- RAW DATA -
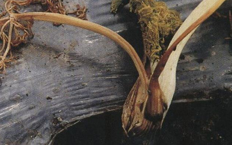 洋葱生长过程中如果不及时浇水,特别是沙质土壤且有机肥少的地块容易出现植株黄叶的现象。洋葱栽培时夏季温度高达35℃以上也会出现叶黄枯的症状,严重时会造成洋葱大面积死棵。
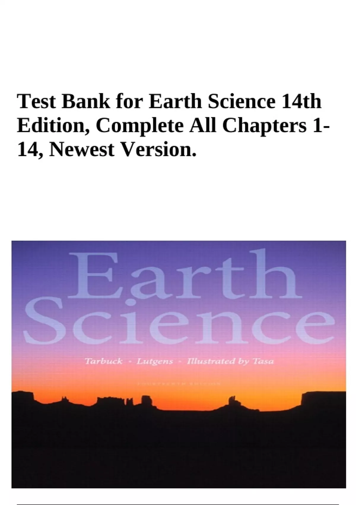 Test Bank for Earth Science 14th Edition, By Tarbuck Complete All Chapters 1- 14, Newest Version.
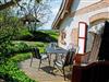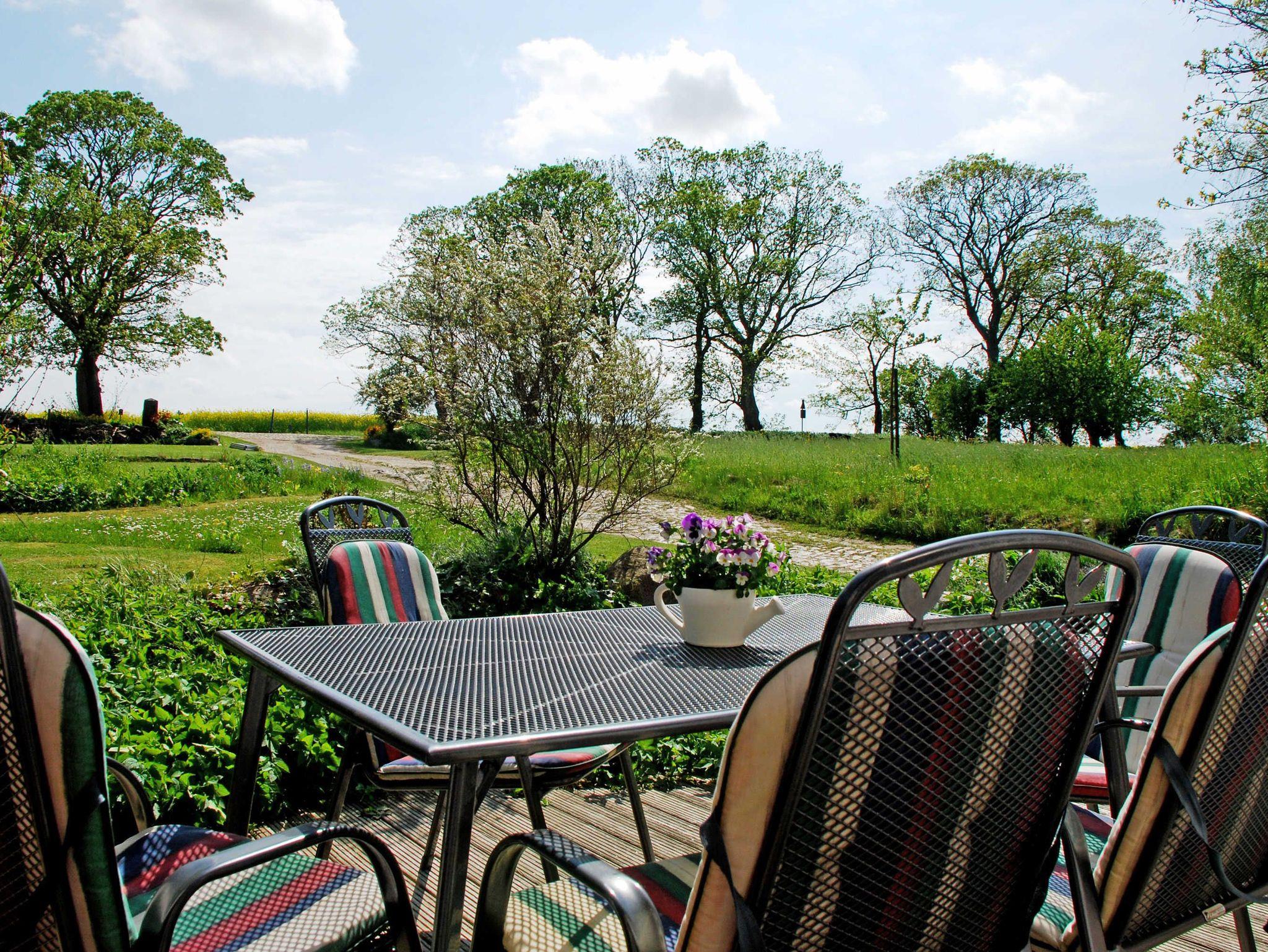 Eine Sonnenterrasse mit eigenem Strandkorb und Gartenmöbeln lädt direkt vor dem Wohnzimmer zum Verweilen ein.

- WHAT THE TASK REQUIRES -
The line with "Test Bank for" marks the end: restate word for word every line from the top of the data through that one, omitting pictures.

- RESPONSE -
 洋葱生长过程中如果不及时浇水,特别是沙质土壤且有机肥少的地块容易出现植株黄叶的现象。洋葱栽培时夏季温度高达35℃以上也会出现叶黄枯的症状,严重时会造成洋葱大面积死棵。
 Test Bank for Earth Science 14th Edition, By Tarbuck Complete All Chapters 1- 14, Newest Version.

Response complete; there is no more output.